ONLINE UPDATE: Verdict still out on new renourishment funding

by Cole Dittmer
Wednesday, April 30, 2014

During the second meeting called by Carolina Beach Mayor Dan Wilcox to discuss possible revenue sources for supplemental beach renourishment funding on Wednesday, April 30, the focus of conversation shifted to splitting the additional funding across multiple different county tax increases.

The meetings have included representatives from New Hanover County, the three county beach towns, Wilmington, the New Hanover County Tourism Development Authority Board of Directors, and the Wilmington and Beaches Convention and Visitors Bureau.

At the conclusion of the first meeting, held on April 15, it was determined that the county finance office would investigate how much revenue a one percent prepared food and beverage tax would generate for Coastal Storm Damage Reduction projects.

However, county finance director Lisa Wurtzbacher said she was not confident in the numbers the North Carolina Department of Revenue provided her.

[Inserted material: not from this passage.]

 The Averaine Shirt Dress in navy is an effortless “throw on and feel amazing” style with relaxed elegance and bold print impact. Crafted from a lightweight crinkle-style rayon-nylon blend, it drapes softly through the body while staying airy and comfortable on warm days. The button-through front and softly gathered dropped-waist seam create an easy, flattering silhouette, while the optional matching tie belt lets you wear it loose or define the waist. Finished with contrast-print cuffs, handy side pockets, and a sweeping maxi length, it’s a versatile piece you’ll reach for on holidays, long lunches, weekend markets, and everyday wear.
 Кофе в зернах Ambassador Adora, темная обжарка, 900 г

Wurtzbacher said the state could only look at the annual sales receipts for New Hanover County businesses to project the impacts of a prepared food and beverage tax, and that some of those numbers appeared very low.

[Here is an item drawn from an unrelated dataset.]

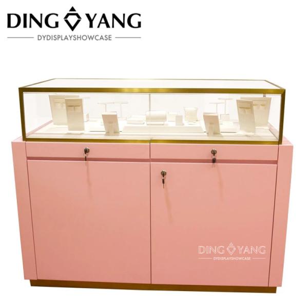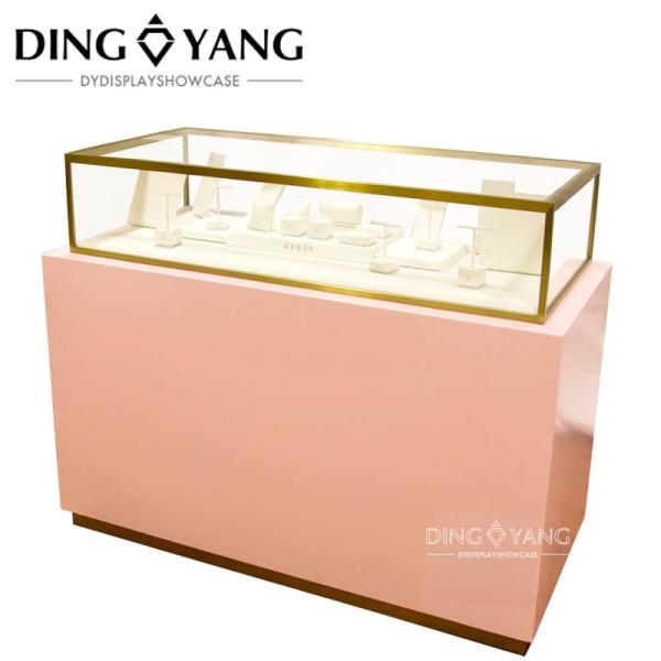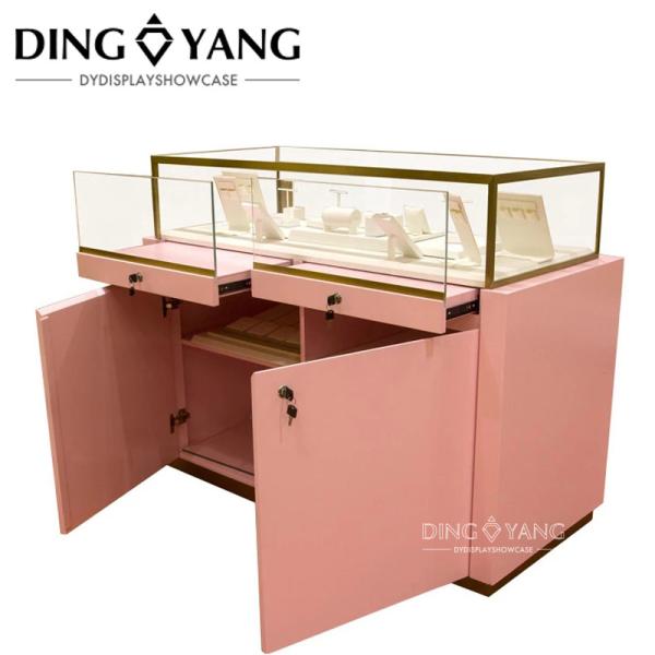 This Wooden Jewellery Showroom Counter usage for Jewelry Stores, High-End Shopping Malls, All Kinds Of Showrooms, High-End Clubs ,the tempered ultra-white glass is highly transparent, creating a fully transparent display effect. The high-quality stainless steel is processed with brushed and anti-fingerprint technology, and the main frame is golden - colored. And brand-specific LED lights that accurately showcase the true colors of the jewelry. The craftsmanship is high-end and fashionable, with a luxurious, simple and stylish, and high-end quality

“For example, their report showed a pretty popular restaurant in Wilmington only having $9,000 in annual sales,” Wurtzbacher said.

Wurtzbacher said she would try to get a better estimate of what a county wide prepared food and beverage tax would generate.

Another option discussed at Wednesday’s meeting was an increase in the 6 percent Room Occupancy Tax.

The two individuals at the meeting that work in the hotel industry were Carolina Beach Mayor Pro Tem LeAnn Pierce and Blockade Runner Beach Resort co-owner Mary Baggett Martin.

When asked whether or not tourists would notice the percent or percent and a half increase in ROT, Pierce said she did not think so, but Baggett said large groups would.

“I am in the business of trying to get group business and when they have professional meeting planners setting it up they look at the tax picture,” Martin said. “We are already competing against South Carolina whose total hotel tax is 9 percent whereas we are already at 13 percent.”

Increasing sales tax was also discussed but Wilcox and Wilmington Mayor Bill Saffo said the additional revenue would ideally come from a hybrid of different incremental tax increases.

Saffo said one reason for a hybrid would be because a sales or prepared food and beverage tax increase would need approval by the North Carolina General Assembly where the increases could meet resistance if only one industry was targeted.

“Knowing the people in Raleigh I think if you go to any one group and ask them to take care of this you will have a fight on your hands,” Saffo said. “I think the lobbyists in Raleigh that represent these industries would dig their heels in.”